Dear fresh college grads who are looking to break into the film industry,

I have some good news and some thought-provoking news. First, the good news: the film and video industry looks like it is becoming more favorable to entry-level employees:

Relative Employment in Film and Video Industry - Editors, Multimedia & Animators, Producers & Directors, Writers, Administrative Assistants

Relative Real Median Wages in Film and Video Industry - Editors, Multimedia & Animators, Producers & Directors, Writers, Administrative Assistants

The above figures (data from the Bureau of Labor Statistics) show that for occupations such as “Film & Video Editors”, “Multimedia Artists & Animators”, “Writers & Authors”, “Administrative Support”, and “Producers & Directors” – the number of employees is growing at a higher pace than the industry average, while the median real salary is eroding, compared to the industry average. This means that there is a shift towards entry-level jobs: more busy hands for less pay. That’s good if you are looking to break into the industry (and not so good if you are a replaceable seasoned professional).

And now for the thought-provoking news: take a look at this figure:

Relative Annual HR Expenditure in Film and Video Industry - Editors, Multimedia & Animators, Producers & Directors, Writers, Administrative Assistants

“Annual Expenditure” is basically the number of employees in each category multiplied by their mean annual wages. The red line is the industry average – across all occupations. You will notice that “Office & Administrative Support Occupations” are losing ground, while “Writers & Authors” and “Producers & Directors” are skyrocketing and “Film & Video Editors” are also beating the average.
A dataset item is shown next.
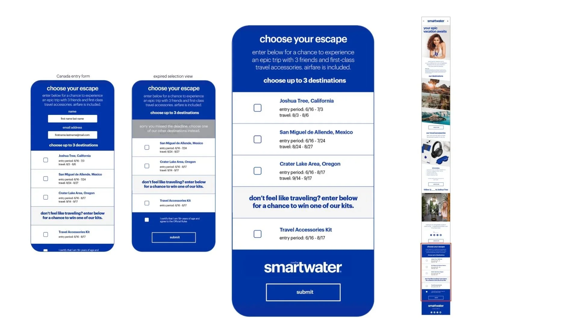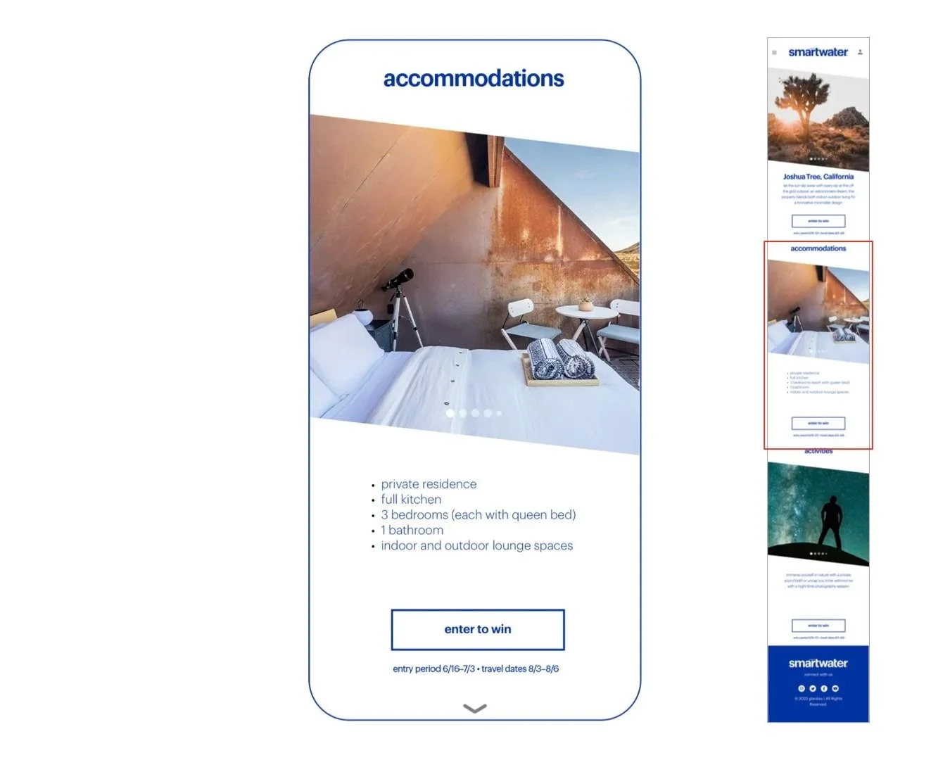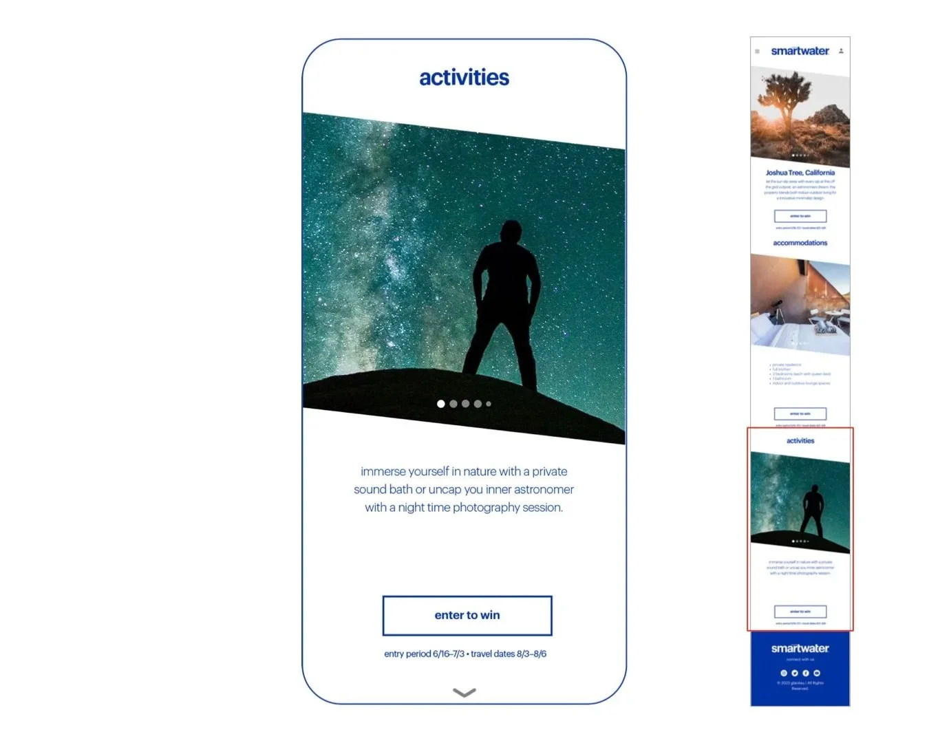Smartwater is all about providing unconventionally smart hydration. So when they run a summer sweeps promotion, it has to be equally unconventional. To do that, we partnered with Modern Adventure to offer incredibly unique summer getaway experiences at a few truly unconventional destinations. To ground the campaign, we designed a sleek and modular microsite. The goal was to make it easy to navigate while remaining flexible for changing promotional content.

This means that if you are looking to become some exec’s assistant as your first step in the industry (as so many fresh college grads do), you really have to bring some kind of added value – either creative insight or technical expertise. If your only advantage is in managing a call sheet, you are not in a very favorable competitive position: you will either be replaced by a computer or by someone with unique abilities. Even if you’re not a writer or officially in the “creative” department – you really must bring creative thinking to your work. As I mentioned in my previous post – the days in which sending more emails per minute or arriving early and staying late were the only differentiating factors are over. Hollywood has finally joined the 21st century and is looking for creative thinkers that bring unique added value.

The unionized nature of the film industry is probably the reason the industry average is not doing even worse, but the trend is clear. At its core, Hollywood is a creative industry after all – one that is harder for computer algorithms to replace entirely. But that actually incentivizes it even more to become efficient wherever it can – and that is wherever human creativity is not essential.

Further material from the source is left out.